German Neofascists Have Longstanding Ties to Palestinian Terrorists—and to BDS https://mosaicmagazine.com/picks/politics-current-affairs/2019/06/german-neofascists-have-longstanding-ties-to-palestinian-terrorists-and-to-bds/

June 19, 2019 | Sam Izzo
About the author:

At present, discussions of contemporary anti-Semitism often focus on a distinction between anti-Semitism of the far left and of the far right—sometimes devolving into debates about which poses a graver threat. An examination of the career of Karl-Heinz Hoffmann, one of Germany’s most well-known neofascists, suggests that the distinction might be far blurrier than is usually assumed. As Sam Izzo writes, Hoffman’s paramilitary organization, the Hoffman Military Sports Group—founded in 1974 and banned in 1980—had a long history of cooperation with Palestinian terrorist groups, to which it supplied secondhand vehicles:

Hoffmann’s initial connection to the Palestinians was likely through Udo Albrecht. Albrecht was a German freelance criminal who fought with the Palestinians in the 1970 Black September uprising in Jordan against King Hussein, leading a militia of neofascists called the Freikorps Adolf Hitler. Sometime in the late 1970s, Albrecht introduced Hoffmann to Abu Ayad, a senior officer in the Palestine Liberation Organization (PLO). . . .

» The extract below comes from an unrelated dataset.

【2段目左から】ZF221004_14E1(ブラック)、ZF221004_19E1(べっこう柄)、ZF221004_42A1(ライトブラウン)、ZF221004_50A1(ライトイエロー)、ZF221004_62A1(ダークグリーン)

At times, German neofascists directly aided Palestinian terror attacks. For example, Der Spiegel revealed in 2012 that two German neofascists, Willi Pohl and Max Abramowski, aided Black September in the Munich massacre [of Israeli athletes] in 1972 by transporting the terrorists and helping them acquire passports.

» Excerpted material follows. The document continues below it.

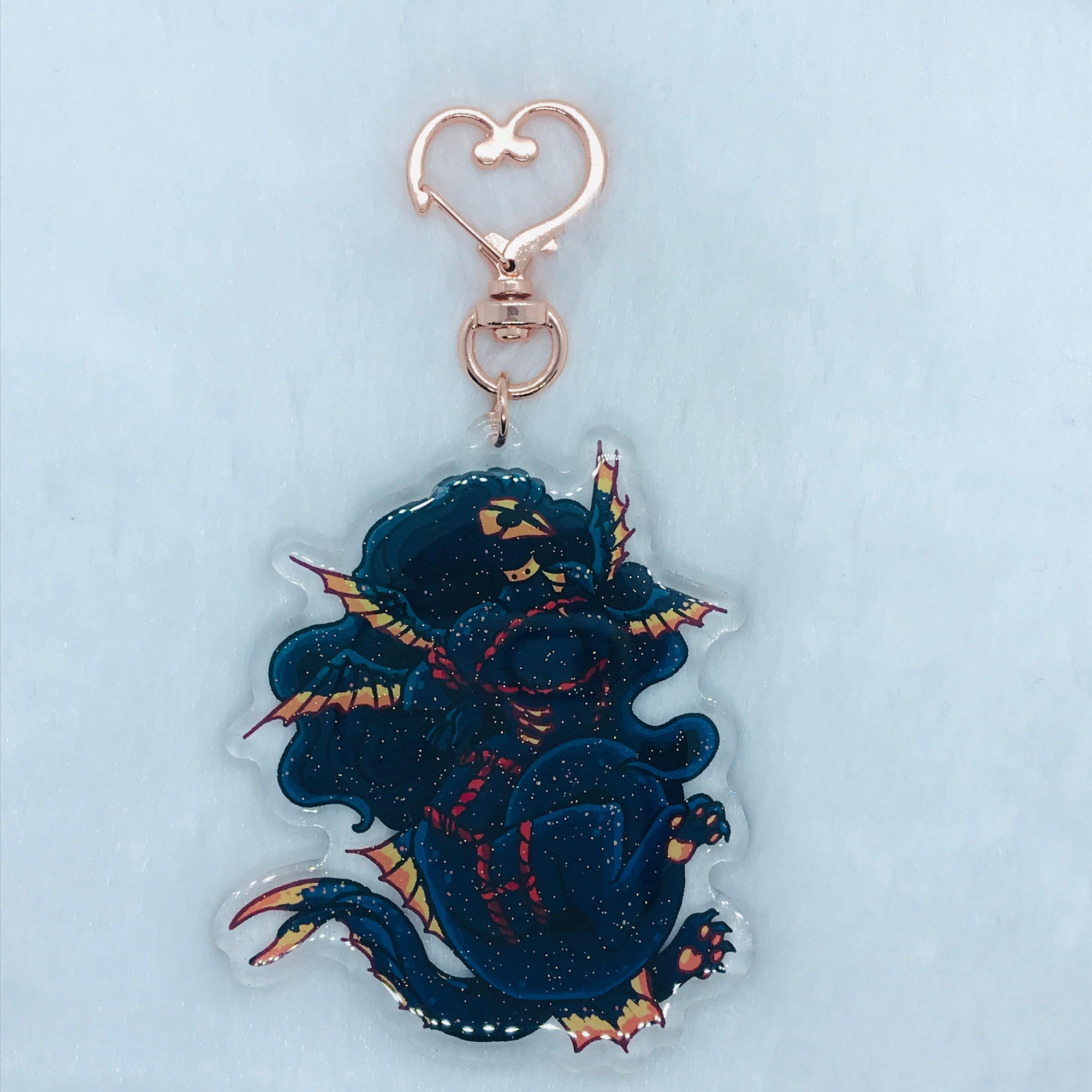My monster boy Atlas, all tied up in some shiny rope.This keychain is 3 inches (7.6 cm) long, with the same design on each side, and glitter epoxy on one side. The keychain has a rose gold heart-shaped clasp.

[C]onnections between the European far right and Middle Eastern terror groups persist. In 2017, a delegation of the German far-right party Der Dritte Weg (The Third Way) met with Hizballah in Lebanon. The Jerusalem Post later revealed that Hizballah and the Assad regime had a joint PayPal account with Der Dritte Weg, linked to the Boycott, Divestment, and Sanctions (BDS) movement. While PayPal shut down the account in January 2019, this did not end the relationship. . . .

Using the language of liberation from foreign “occupation,” today’s alt-right, neofascists, and Middle Eastern extremists seek to rid their countries of what they see as a rootless global liberal hegemony while looking backward toward an idealized ancient past, which they hope to achieve through radicalization and terrorist violence.